We should mention that most people do gain some weight, but that in certain individuals it can be excessive,” Sax said. “I don’t think we are the stage where this adverse event — because I think we have to say excessive weight gain is an adverse event — is sufficient to warrant changing what our recommended first-line regimens are.”

When comparing NNRTIs, rilpivirine was associated with more weight gain compared with efavirenz, according to the researchers. Comparing nucleoside/nucleotide reverse transcriptase inhibitors, they found that tenofovir alafenamide was associated with more weight gain than tenofovir disoproxil fumarate (TDF), abacavir or zidovudine.

“The regimen that was associated with the least weight gain was TDF/[emtricitabine]/efavirenz and yet that particular regimen has other disadvantages that would not make me want to go back to using that as a first line treatment,” Sax said.

Kassem Bourgi, MD, assistant professor of clinical medicine at Indiana University, said it is unclear if the weight gain “is secondary to off-target effects of these drugs and a drug toxicity, or whether it’s due to the higher effectiveness, safety and tolerability of these drugs.”

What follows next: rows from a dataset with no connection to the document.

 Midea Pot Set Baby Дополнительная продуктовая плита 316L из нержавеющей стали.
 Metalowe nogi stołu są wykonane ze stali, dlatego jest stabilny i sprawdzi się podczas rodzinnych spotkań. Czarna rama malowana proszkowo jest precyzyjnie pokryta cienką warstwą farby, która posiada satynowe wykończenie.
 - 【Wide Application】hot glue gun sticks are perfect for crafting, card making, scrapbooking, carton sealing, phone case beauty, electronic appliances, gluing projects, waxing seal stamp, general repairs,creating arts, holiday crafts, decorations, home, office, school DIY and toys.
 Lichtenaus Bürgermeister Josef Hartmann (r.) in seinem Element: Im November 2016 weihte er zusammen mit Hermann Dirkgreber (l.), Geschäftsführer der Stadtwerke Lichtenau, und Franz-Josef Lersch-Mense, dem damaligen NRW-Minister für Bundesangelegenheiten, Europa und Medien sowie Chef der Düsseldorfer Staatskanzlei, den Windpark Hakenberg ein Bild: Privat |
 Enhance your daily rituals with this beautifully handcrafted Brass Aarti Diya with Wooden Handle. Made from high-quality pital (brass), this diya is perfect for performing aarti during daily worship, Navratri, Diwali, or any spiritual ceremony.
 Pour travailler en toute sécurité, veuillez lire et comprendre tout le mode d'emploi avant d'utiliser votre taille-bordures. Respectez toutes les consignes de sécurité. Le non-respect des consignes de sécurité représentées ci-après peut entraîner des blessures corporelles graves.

“Therefore, until additional studies can clarify the mechanisms related to differences in weight gain on different ART regimens and the impact of the increased weight gain, clinicians should continue utilizing INSTI-based regimens if they represent the best choice for a patient given other factors,” Bourgi, who was not involved in the study, told Infectious Disease News.

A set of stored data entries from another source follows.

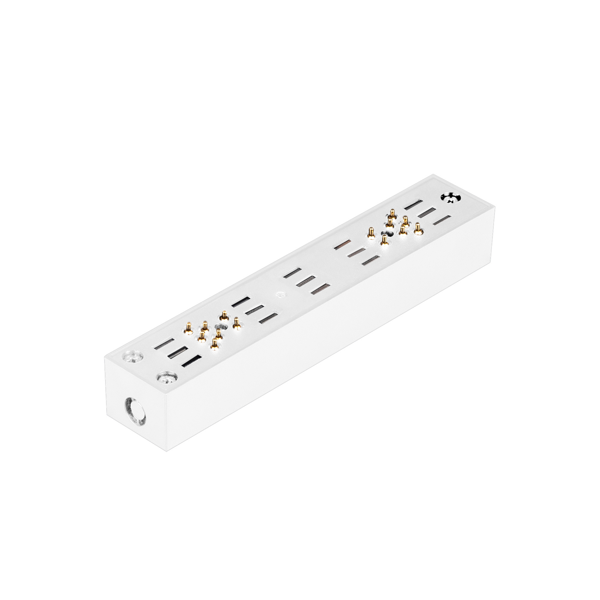 Прямой белый коннектор для электрического соединения треков MAG-25 между собой. Размеры: 110х20х17 мм. Максимальная мощность системы 200 Вт
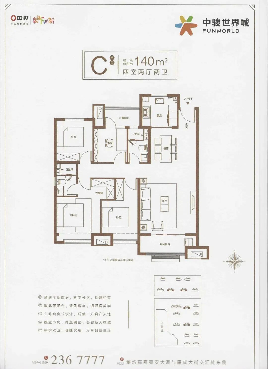 ④ 中骏世界城27楼133平,四室两厅两卫,毛坯,75.8万
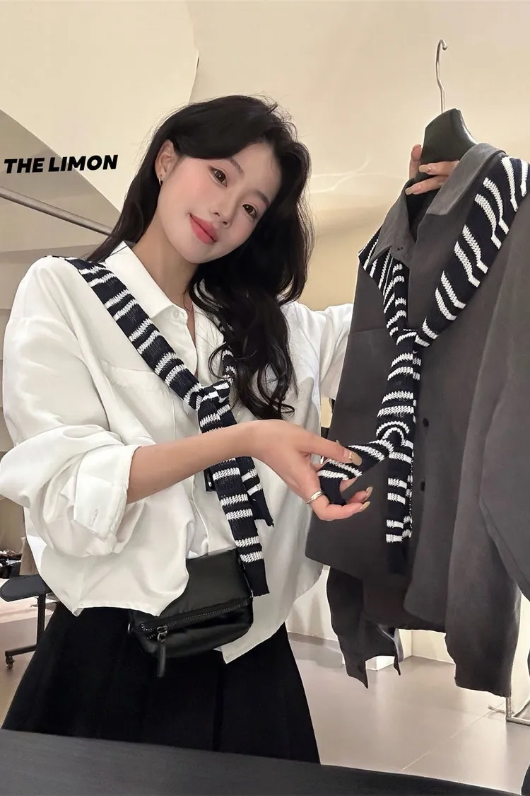 條紋披肩讓素色襯衫不無聊
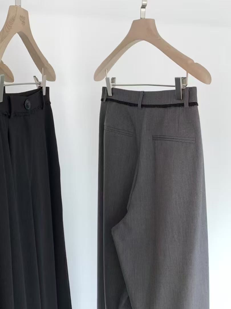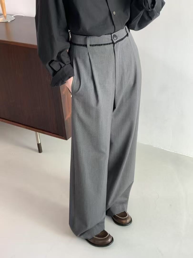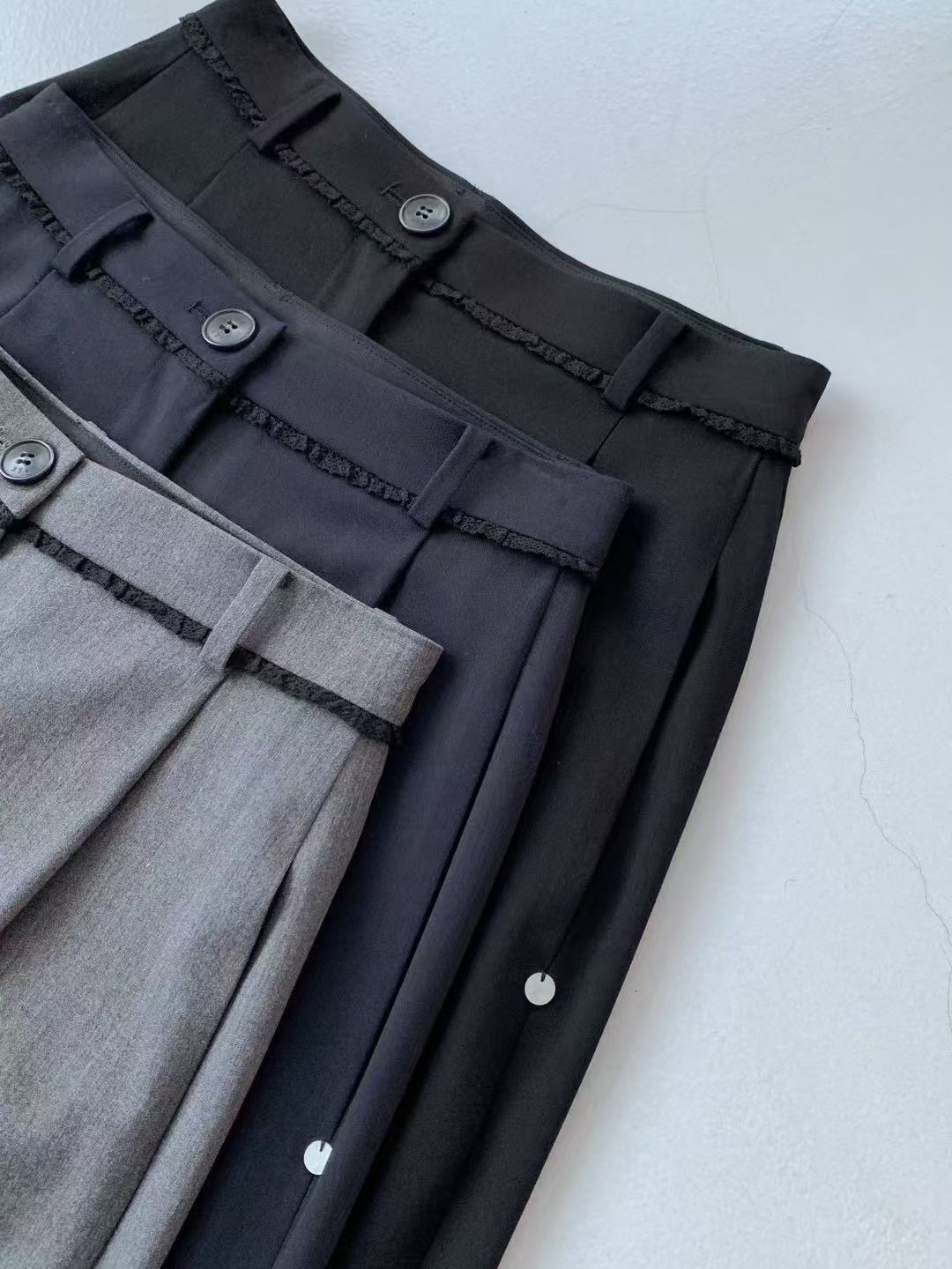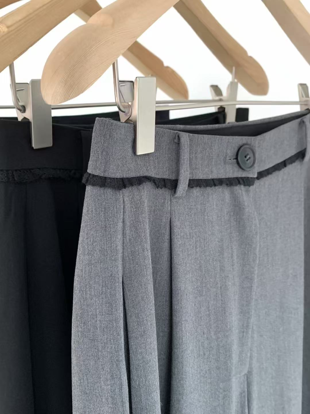 스팟 2025 봄 신상 한국 동대문 e*gg 시크 웨이스트 레이스 드레이프 캐주얼 팬츠
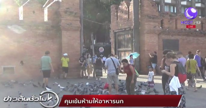 ตำรวจและเทศกิจเทศบาลนครเชียงใหม่ คุมเข้มบริเวณลานประตูท่าแพ ป้องกันพ่อค้าแม่ค้าแอบขายอาหารนกให้กับนักท่องเที่ยวชาวจีน พร้อมนำป้ายมาติดห้ามขายและให้อาหารนกพิราบ

Bares described the findings as “a call to arms” for further, rigorous study.

“As we continue to investigate the causes, consequences and management of weight gain following ART initiation (and switch), we must strive to enroll sufficient numbers of women from diverse racial and ethnic backgrounds in order to allow for sex and race-stratified analysis,” she wrote. – by Marley Ghizzone

References:

Bares SH. Clin Infect Dis. 2019;doi:10.1093/cid/ciz1004.

Sax PE, et al. Clin Infect Dis. 2019;doi:10.1093/cid/ciz999.

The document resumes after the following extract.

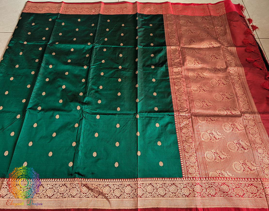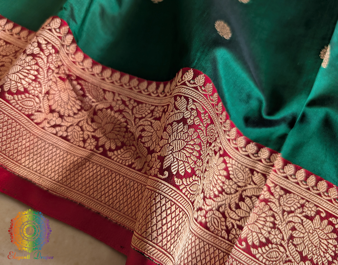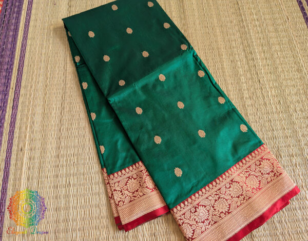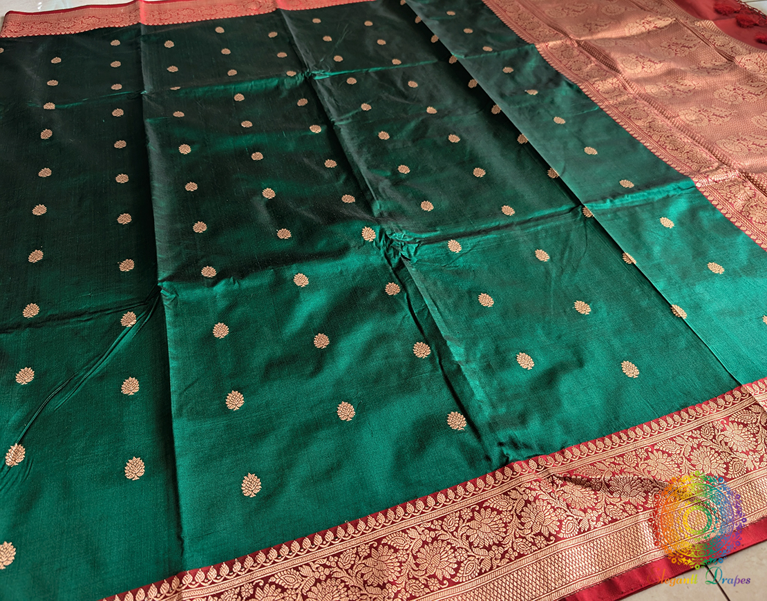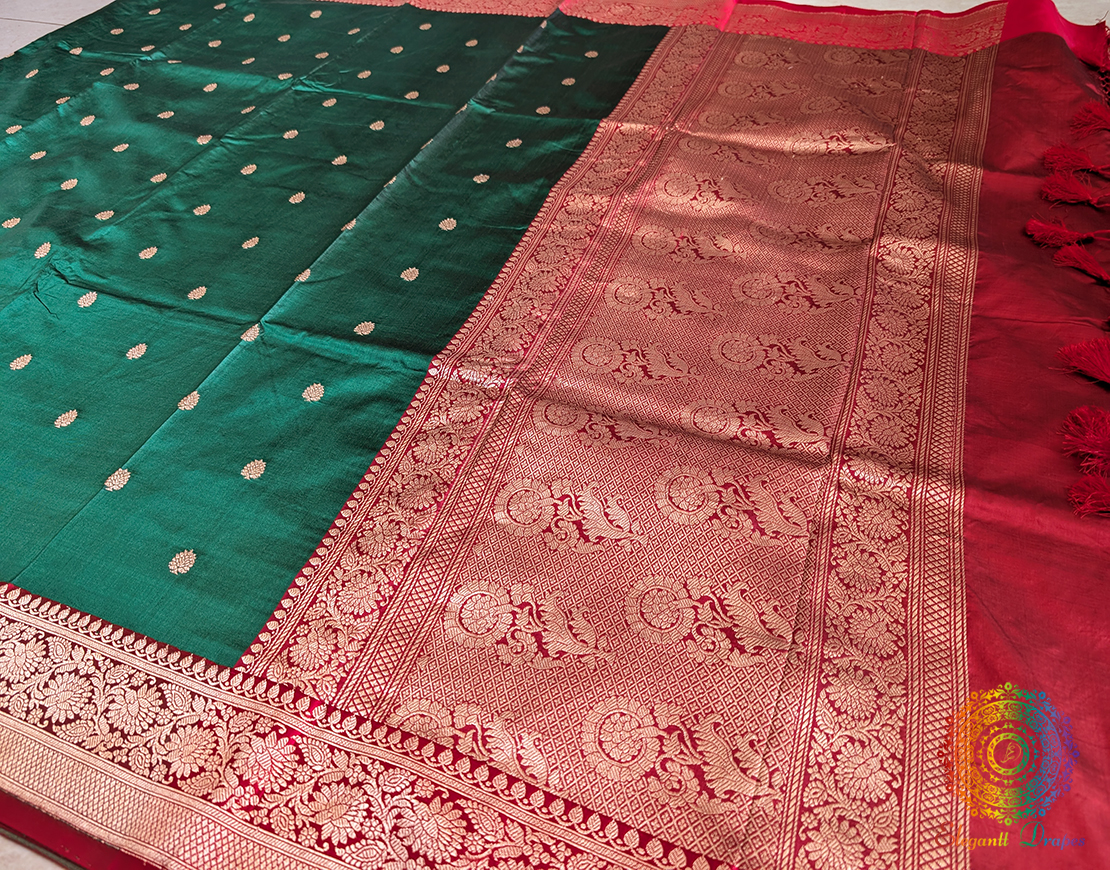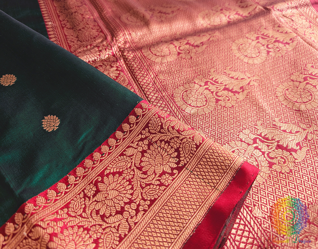 This Green Banarasi Handloom Katan Silk Saree is a statement of elegance and heritage. Woven in pure silk (pattu) with fine zari, the saree radiates luxury while carrying forward centuries-old craftsmanship. This saree highlighted with rich zari work makes it a versatile addition to every woman’s collection — truly a saree not to be missed.

Disclosures: Bares reports receiving grants to her institution from Gilead Sciences, outside the submitted work. Bourgi reports receiving research grant funding from Gilead Sciences. Sax reports receiving support from Gilead Sciences, GlaxoSmithKline and ViiV Healthcare, and to receiving personal fees from and being a scientific advisory board member for Gilead, GlaxoSmithKline, Janssen, Merck and ViiV. Please see the study for all other authors’ relevant financial disclosures.